Archive for November, 2009

Metacat – analogies and awareness

Monday, November 2nd, 2009

After experimenting with metacat in class and later over the weekend i just have to say metacat’s ability to “analyze” and justify its solutions to problems its just really really cool. When experimenting with metacat later i tried to “trick” it to make a conclusion that there was no solution. I entered in a->b and then asked metacat to determine what z would go to. My goal was to see if metacat was able to see that there is no other letter to send z to and thus no solution. While this seems like one of those problems that Doug’s kid would laugh at, for a program to understand why there is no solution is quite remarkable.

Additionally, i am still contemplating the two schools of thought about how ai should function. I do see how metacat’s self awareness and ability to recall is like how i would look at a problem but i still am struggling to see how the other program can produce valid results with out using these qualities.

On a side note i absolutely love that the program has a personality and when justifying its answers it has hilarious responses!

You can go east, northeast, or southeast. Where do you go?

Monday, November 2nd, 2009

I thought the program sounded intriguing (sorry, I had to say it!); and it sort of reminded me of those text adventure games because it has a running commentary. After playing with it, I got kind of bored; it’s just letters that you type into the program to see what patterns it can make. I didn’t see how it could be helpful, so I reread the paper and found this: “Rather, strings should be viewed as representing idealized situations involving abstract categories and relations” (8). However, I’m still having trouble thinking of what sort of situations this would entail… Is it just what we talked about in class regarding the analogy web of Nixon-war-hippies-drugs?

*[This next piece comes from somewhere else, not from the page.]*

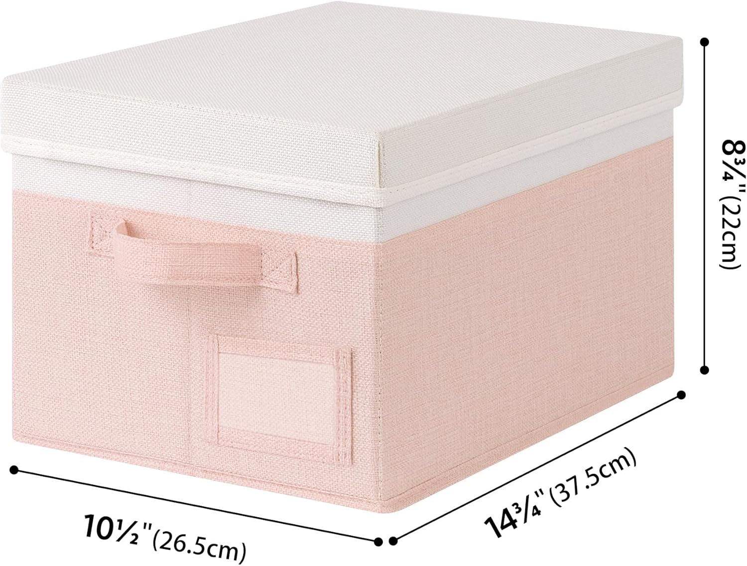 GRANNY SAYS Storage Bins with Lids, Storage Boxes for Organizing, Storage Baskets with Handles, Closet Organizers and Storage, Storage Bins for Shelves, Decorative Storage Boxes, 3-Pack, Pink&Ivory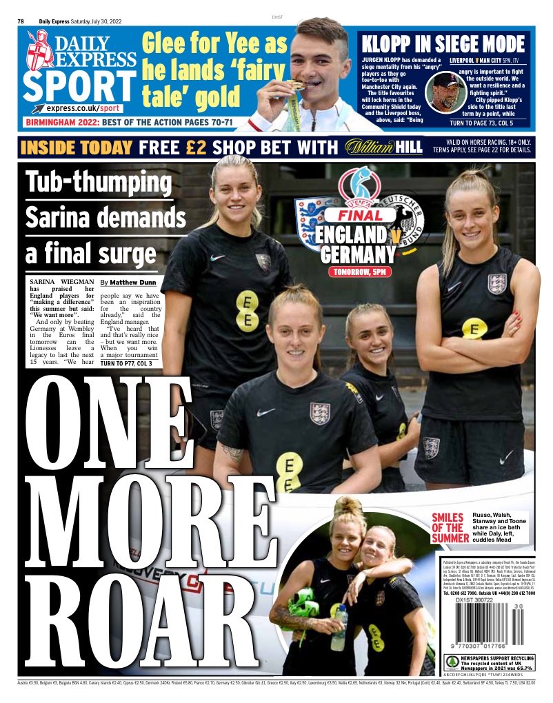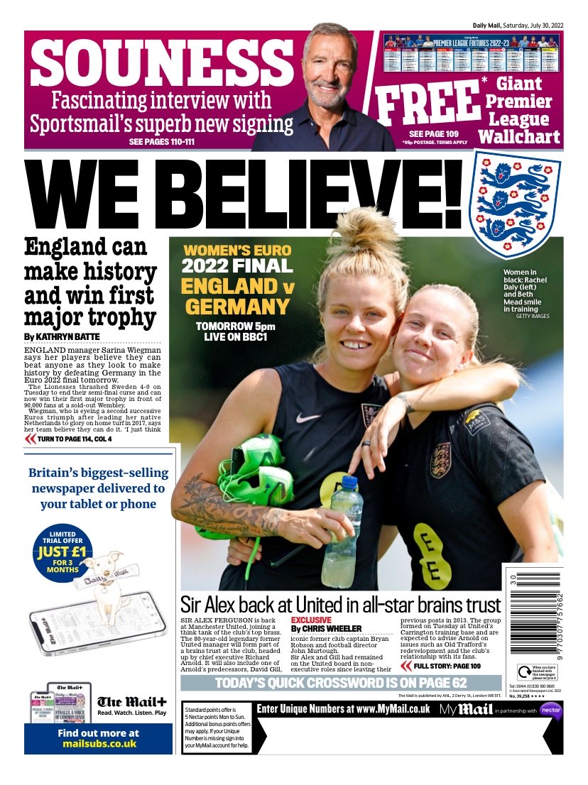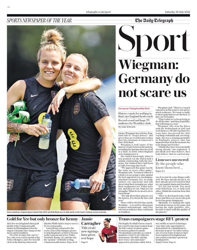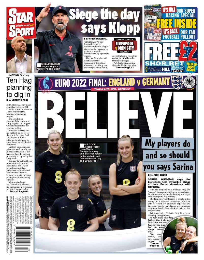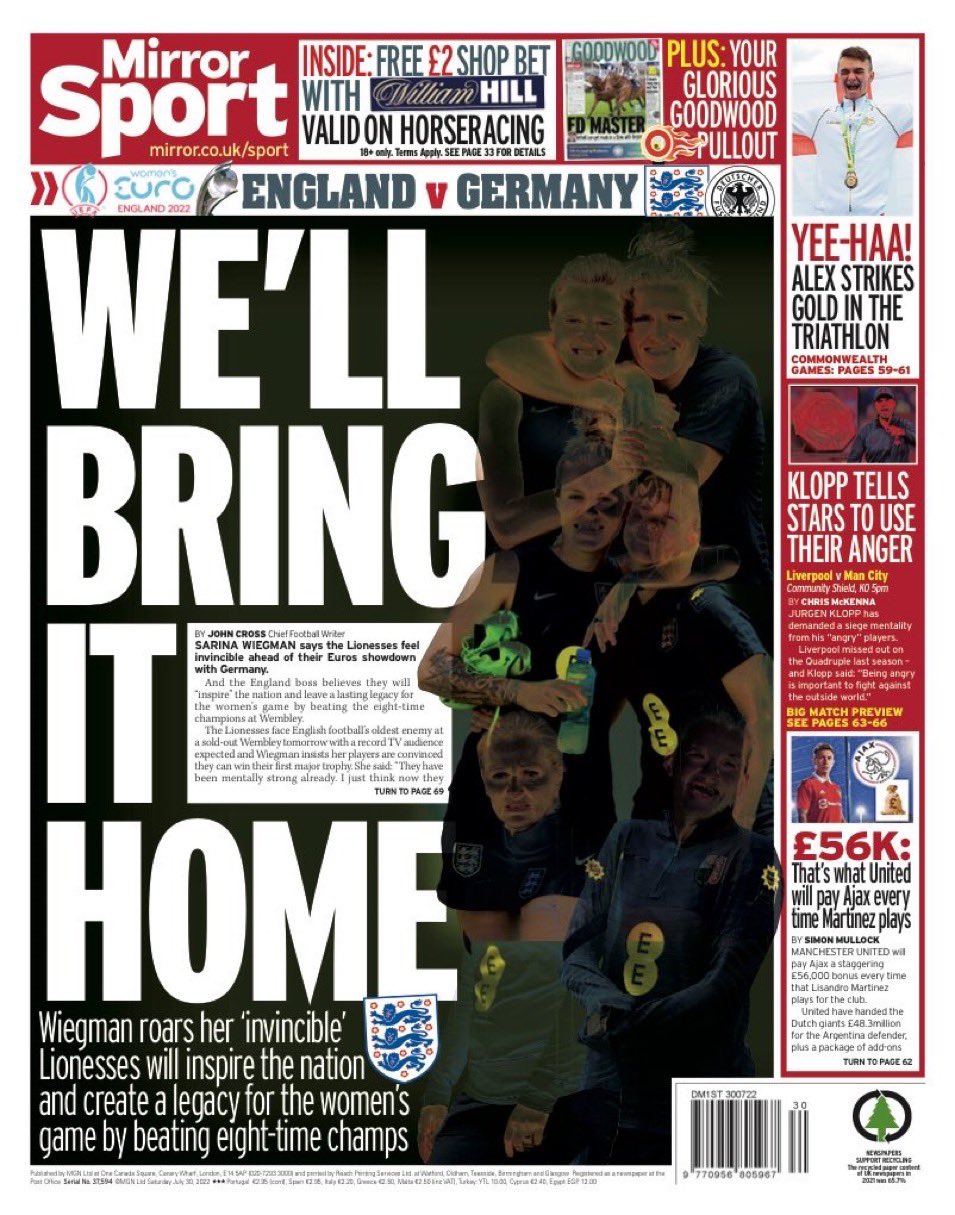 كما عنونت صحيفة "ديلي ميل": "نحن نؤمن.. إنجلترا بإمكانها كتابة التاريخ والفوز بأول لقب كبير"، في إشارة إلى تصريحات سارينا فيجمان، مدرب منتخب إنجلترا للسيدات، قبل مواجهة ألمانيا في نهائي اليورو غدًا.

Also, I was disappointed when the program couldn’t come up with a satisfactory (by its own standards) answer to the first problem with which I presented it – I think it may have been something really similar to the first example shown in the paper, a string from the xyz family. Unfortunately I can’t remember exactly what input I gave, but I know that it didn’t respond with what I thought was an obvious answer. I thought that the program was supposed to give obvious answers and also clever answers that aren’t immediately apparent to us.

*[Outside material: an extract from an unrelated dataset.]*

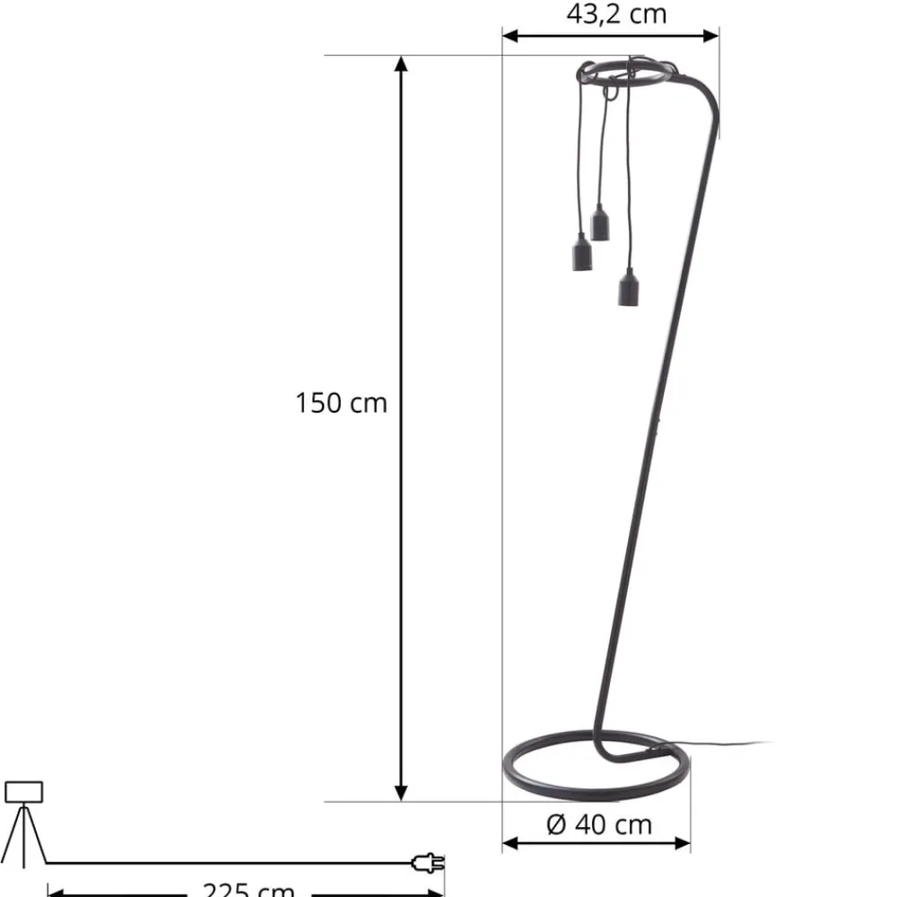 Elira 3 lyskilder gulvlampe i svart metall med slank trådramme Med denne gulvlampen er du alltid med på trenden. Det enestående utseendet smelter diskret inn i ethvert rom og gir et koselig lys som skaper en god atmosfære. Gulvlampen kan enkelt slås av og på med en bryter og er laget av jern. Den passer perfekt inn i ethvert interiør og skaper en flott stil. Lampen har en E27-fatning. Den kombinerer alle kvalitetene og de spesielle funksjonene som kjennetegner varemerket Lindby. Gulvlampen er svart i fargen. Den vil gi deg mye glede og kan integreres harmonisk i mange innredningsstiler. Denne gulvlampen skaper en koselig atmosfære i hjemmet ditt.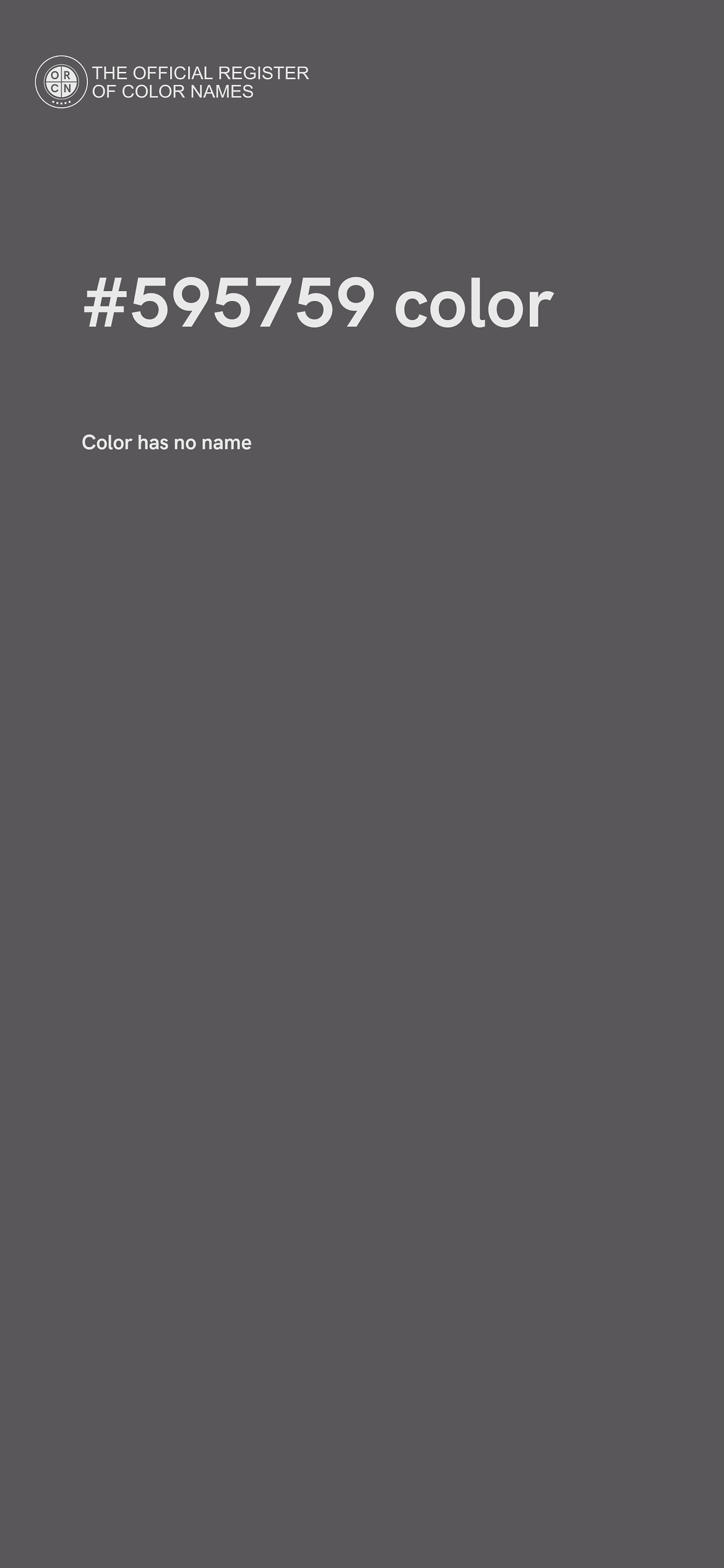 For printing in non digital world, #595759 is represented in CMYK as 0 Cyan, 1 Magenta, 0 Yellow, and 65 Black (Key) (C:0 M:1 Y:0 K:65).

Overall, though, I was impressed with the program’s ability of self-awareness, and that it can change its own concepts and analogies, which are stored in its memory (also impressive), into ones that it finds more helpful as it continues to run.

Metacat – it’s a Copycat that philosophizes about itself! O_O

Sunday, November 1st, 2009

Originally I was going to wait and see what others posted so I could respond. Apparently this is not in the cards. So… The Metacat paper was intriguing. (Yes Doug, I know I need to elaborate on the word.)

In class we covered a lot of pertinent points regarding the Metacat paper: mostly what made Metacat so important to emergence as well as what the differences between Metacat and other models that had come before. I’m fascinated by the different categorizations required to look at the “world” of Metacat. Introducing the idea of having a computer make decisions for itself regarding analogies also emphasizes that the old categorization methods of “Reagan::parents as drugs::candy” does not make sense as the categorization itself is based on something totally different from the computer’s perspective. This seems to stress the fact that computers do not “think” in ways that humans do, but also takes advantage of how a computer “thinks” in order to interpret and create analogies. In this instance, Metacat is really awesome because of “self-awareness” in which there is an additional component of memory. The introduction of bias, even if it is small (as we discussed with the segregation model that was mentioned in class previously) has a noticeable effect on the outcome of a given test. Therefore, the weights are still important, yet useless without the memory implemented by the Metacat model. In this self-referencing in order to look towards the future Metacat is amazingly more concise. Instead of looking only at the present (as seen by most previous models) to springboard to the future speculation, there is also a reference check of past attempts, which makes for a far stronger model of emergence. (We noticed this problem of “no looking back” when we attempted to use the gaca.py to match a string.)

Okay… I think I’m starting to get incoherent, so I’ll sign off for now.